Cinquante-deux jours qu’ils gardent pour eux le plus délicieux secret, un secret qui hélas pourrait leur valoir tous les ennuis du monde avec la justice anglaise. Sans parler du scandale, un scandale qui leur vaudrait l’ostracisme, voire la prison, et empêcherait Poirot d’exercer, verrait Hastings obligé à l’exil, Poirot réduit à exercer à l’autre bout du monde, dans un pays loin de ce qu’il estime être un minimum de civilisation, un pays que la nouvelle du scandale impliquant le plus célèbre des détectives n’aurait pas réussi à atteindre.
Cinquante-deux jours que ce douloureux et délicieux secret, ce secret de draps froissés et de plaisirs à apprendre, ensemble, patiemment, et parfois impatiemment, n’est qu’à eux…croient-ils.
Cinquante-deux jours que Miss Lemon et George se jettent des regards en coin.
Cinquante-deux jours que la plus dévouée des secrétaires et le plus zélé des valets distraient de façon appropriée les officiers de police, les membres du Foreign Office, les différents ambassadeurs, richissimes magnats des médias, de l’acier ou du nickel et autres désespérés venus réclamer l’aide du grand homme.
Cinquante-deux jours de satisfaction de voir deux âmes qui ont fait tant de bien autour d’eux d’enquêtes en enquêtes, de justice rendue aux morts en vies sauvées, de voir ces deux âmes trouver à leur tour un peu de bonheur à eux, au lieu de simplement préserver celui d’autrui.
« Ils sont tellement émouvants, » murmure Miss Lemon, tapotant le coin d’un œil avec un mouchoir parfaitement amidonné brodé à ses initiales, tandis qu’ils les regardent par la fenêtre, s’éloigner sous le crachin anglais en compagnie d’un jeune inspecteur écossais venu demander leur aide pour retrouver une rarissime miniature persane. Le temps, anglais, très très anglais, a failli convaincre Poirot de refuser l’affaire, mais l’histoire de la miniature, pleine de sang, de malédictions séculaires et de princesses en exil, a tellement titillé la fibre romantique d’Hastings que le détective n’a rien pu faire d’autre que de décrocher son chapeau de la patère et partir sur les traces des voleurs.
Techniquement, partir vers l’un des salons d’un des plus chics hôtels londoniens où il interrogera, bien au chaud, les principaux suspects, parce qu’aller examiner des traces de pas sur le tapis et renifler les cendres de cigarettes, c’est bon pour les romans, mais….oui, Poirot est en chasse.

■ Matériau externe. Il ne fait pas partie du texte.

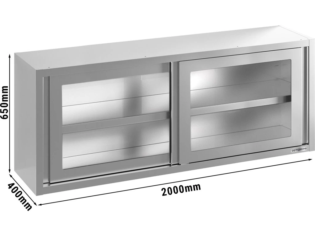 Szafka ścienna ze stali nierdzewnej - 2000x400 mm - z przesuwanymi szklanymi drzwiami - 650 mm wysokości

« Je commencerai par les traces laissées dans la chambre de Monsieur, » répond simplement George.
« Et moi, le bureau. » décide la secrétaire, avant d’ajouter : « Pouvez-vous les accompagner à Edinbourg la semaine prochaine ? » 
« Ils ne restent que trois jours, le temps d’interroger Lord Oliver ! »
« Cela sera sans doute suffisant pour manquer de se faire prendre. »
Ils échangent un regard amusé. L’amour qui doit se cacher à l’extérieur a besoin d’un endroit où s’exprimer, et le valet et la secrétaire le savent, les indices laissés par les amants ne le sont que parce qu’ici, dans l’appartement de Poirot, ils se sentent en sécurité.
« Ah, l’amour, » Miss Lemon murmure d’une voix que son patron ne lui connaît pas, une voix qui laisse percevoir le soulagement d’avoir vu cette danse durant depuis des années trouver enfin un épilogue heureux.
Cinquante-deux jours.
Miss Lemon a su, dès le lendemain, et George encore bien avant.
Cinquante-deux jours.
Et avec la bienveillante surveillance derrière le rideau de deux amis dévoués, encore bien des jours, des années à venir.